Extracted records
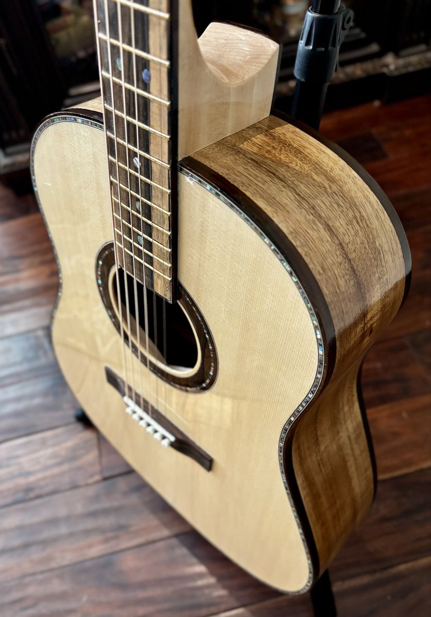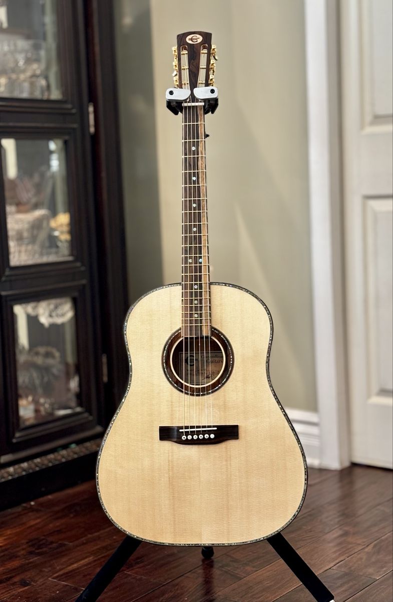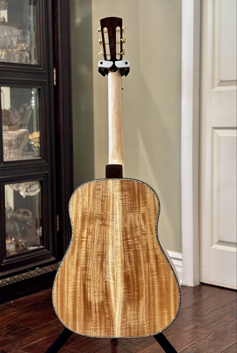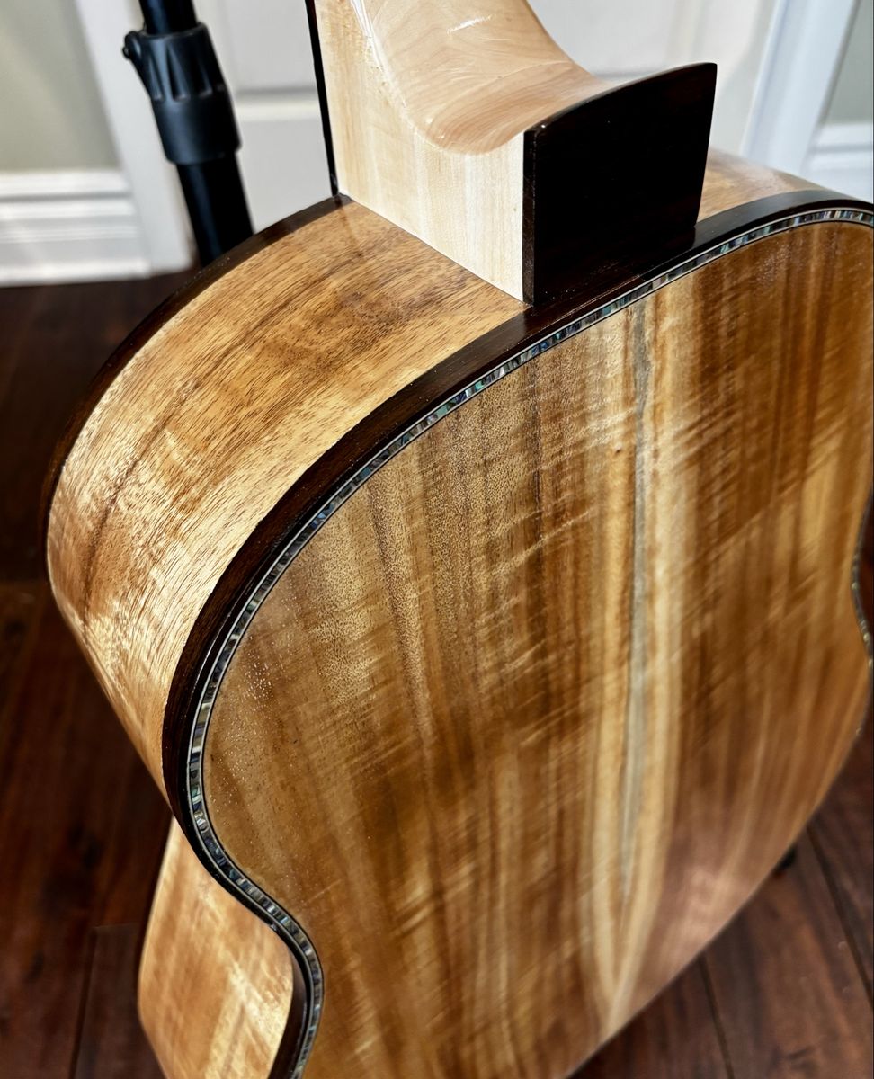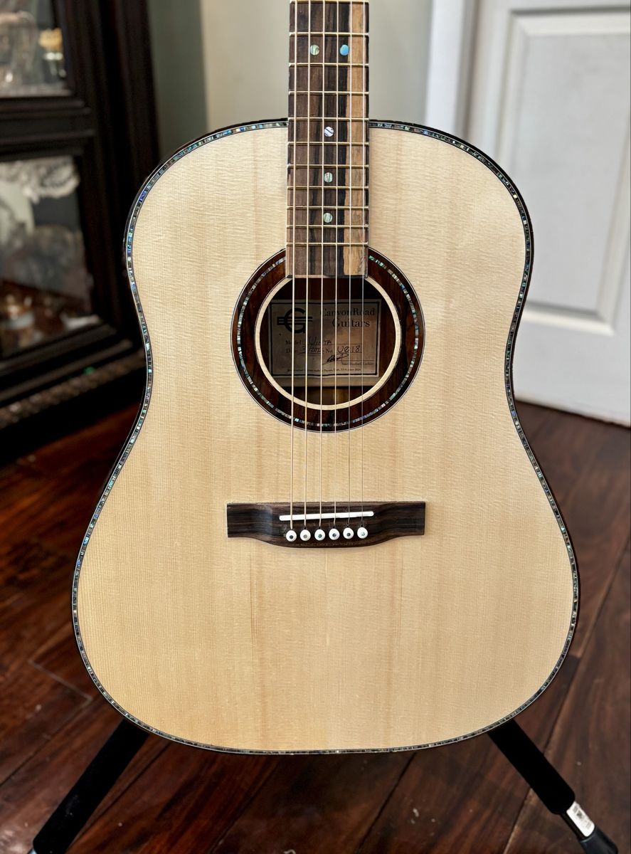 VenmoThis is my Uinta model, which is similar to a J-45. Flamed Golden Acacia back and sides, German Spruce top, Ziricote Bindings, fingerboard and bridge. If you have not played a hand built, hand voiced guitar...you owe it to yourself to do it! Please see my other listings or check out my website at canyonroadguitars.com. Thanks for looking!
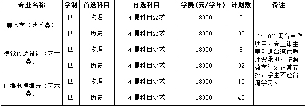2、面向福建省外:采用“專業(yè)清”的專業(yè)錄取原則。以考生的專業(yè)文化綜合分為依據(jù),專業(yè)文化綜合分相同時(shí),按照美術(shù)類為專業(yè)成績、編導(dǎo)類為文化成績從高分到低分排序。
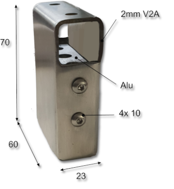 INOX V2A, 70 x 60 x 23mm / 2mm dick
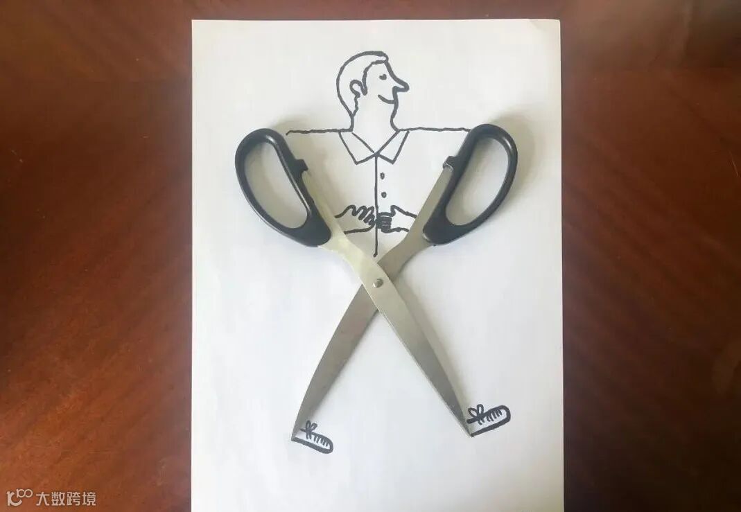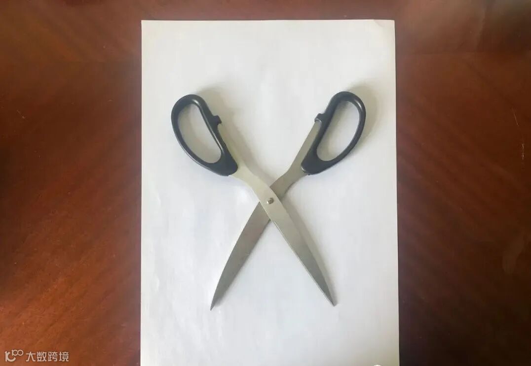 步骤一:打开剪刀,刀尖朝下放在白纸上。
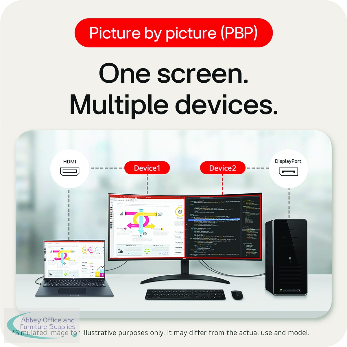 The UltraWide QHD (3440x1440) with 1800R curvature and 21:9 aspect ratio is great for work as it can display various programs at once. It allows you to see multiple contents from two computers with the picture-by-picture feature, so it helps to process work efficiently. The LG Switch app helps to optimize the monitor to your work and life. You can readily divide the whole display up to 6, change the theme design, or even launch a video call platform with a mapped hotkey.

**About this task**
Restate the records above in full, word for word. Keep pictures out.

**The answer**
 VenmoThis is my Uinta model, which is similar to a J-45. Flamed Golden Acacia back and sides, German Spruce top, Ziricote Bindings, fingerboard and bridge. If you have not played a hand built, hand voiced guitar...you owe it to yourself to do it! Please see my other listings or check out my website at canyonroadguitars.com. Thanks for looking!
2、面向福建省外:采用“專業(yè)清”的專業(yè)錄取原則。以考生的專業(yè)文化綜合分為依據(jù),專業(yè)文化綜合分相同時(shí),按照美術(shù)類為專業(yè)成績、編導(dǎo)類為文化成績從高分到低分排序。
 INOX V2A, 70 x 60 x 23mm / 2mm dick
 步骤一:打开剪刀,刀尖朝下放在白纸上。
 The UltraWide QHD (3440x1440) with 1800R curvature and 21:9 aspect ratio is great for work as it can display various programs at once. It allows you to see multiple contents from two computers with the picture-by-picture feature, so it helps to process work efficiently. The LG Switch app helps to optimize the monitor to your work and life. You can readily divide the whole display up to 6, change the theme design, or even launch a video call platform with a mapped hotkey.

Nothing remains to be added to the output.